Serving: 1gCalories: 555kcalCarbohydrates: 50.9gProtein: 18.1gFat: 26.7gSaturated Fat: 10.9gPolyunsaturated Fat: 2gMonounsaturated Fat: 5gTrans Fat: 0.2gCholesterol: 56mgSodium: 523.3mgPotassium: 350mgFiber: 3.7gSugar: 5.5gVitamin A: 150IUVitamin C: 8mgCalcium: 40mgIron: 2mg

Notes

  • For perfectly cooked pasta, aim for al dente; it should have a slight bite to it. Remember, the pasta will continue to cook when mixed with the sauce, so undercook it slightly if you're unsure.
  • To prevent your sauce from breaking, add the heavy cream over low heat and stir gently.

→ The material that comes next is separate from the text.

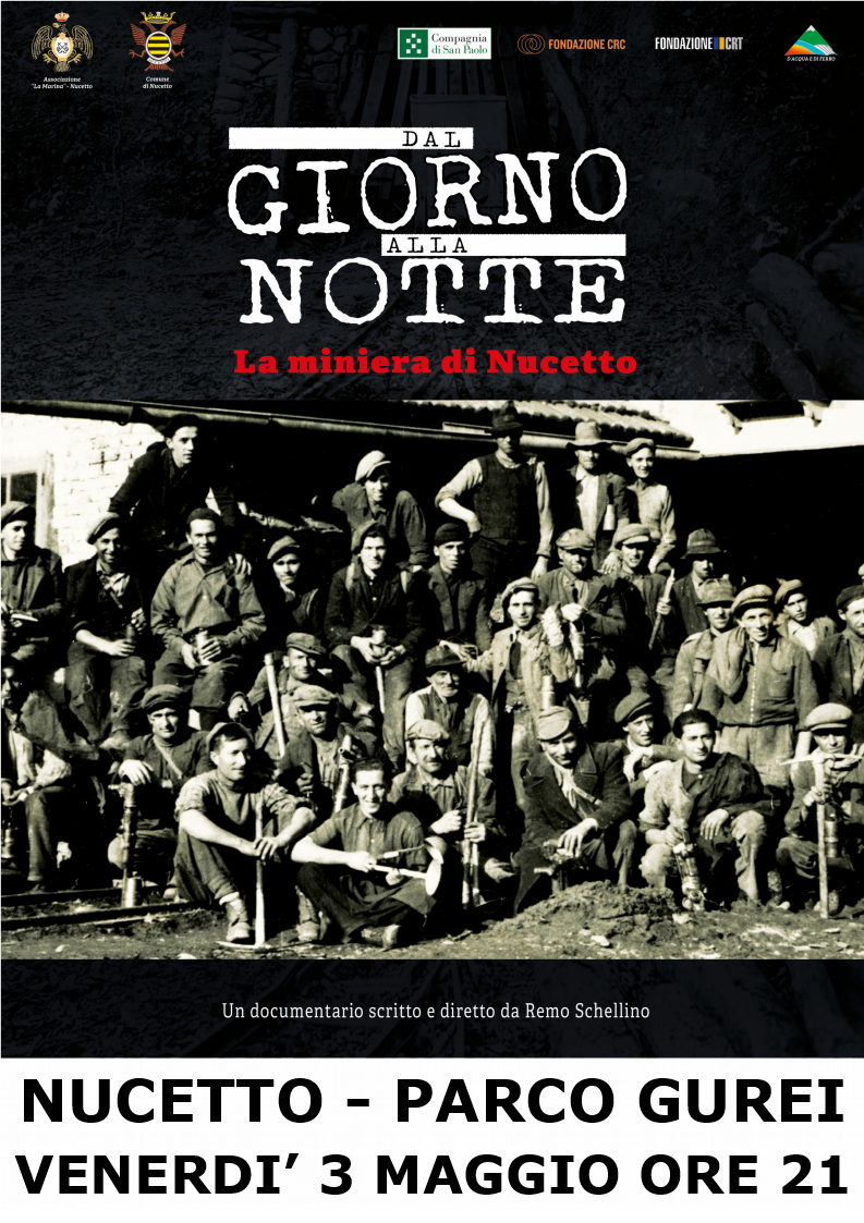 Venerdì 3 Maggio 2019 alle ore 21 a Nucetto nella sala polivalente del parco Gurei sarà presentata e proiettata in anteprima l’opera "Giorno e notte. La miniera di Nucetto" del regista Remo Schellino.
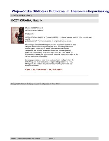Utworzono : 07Łopacińskieg March 2017 Wojewódzka Biblioteka Publiczna im. Hieronima > OCZY KIRANA, Gatti N. OCZY KIRANA, Gatti N. Model : 9788378395249 OCZY KIRANA, Gatti N. Producent : OCZY KIRANA, Gatti Nina, Prószyński 2013�� Dokąd wiedzie podróż, która zrodziła się z nagłej potrzeby serca? Tym razem wprost do wnętrza drugiego serca. Dwa lata po rozwodzie Nina spontanicznie wyrusza w podróż do Indii i Nepalu. Nieoczekiwanie poznaje tam dużo młodszego od siebie Nepalczyka o imieniu Kiran. Mimo iż to zaledwie dwudniowa znajomość, ich romans rozkwita z wielką siłą. Rozpoczyna się magiczna podróż przez Indie – od Delhi, poprzez Tadź Mahal, do Katmandu w Nepalu. Od tajemniczych pałaców, pięknej przyrody, aż do świata tysiąca barw i smaków. Zaraz po powrocie do kraju Nina zastanawia się nad powrotem do Indii. Czuje, że musi lepiej poznać tego młodego człowieka i kraj, którego on jest częścią. Czy rzucić wszystko? Czy to miłość, czy tylko zauroczenie? Cena : 25,31 zł Brutto ( 24,10 zł Netto) Dostępność: Produkt dostępny w naszym sklepie od 06 June 2013 kontakt : - [email protected] Strona 1

Avoid boiling the sauce after adding the cream to keep it silky and smooth.
  • If you can't find Calabrian chilis, substitute with a combination of diced jalapeños and a dash of smoked paprika for a similar kick with a different flavor profile.
  • For a quicker dinner prep, you can sauté the sausage and shallots while the pasta cooks. This way, you’ll have everything ready to combine as soon as the pasta is drained.
  • This dish stores well in the fridge for up to 3 days. When reheating, add a splash of reserved pasta water to loosen the sauce and prevent it from drying out.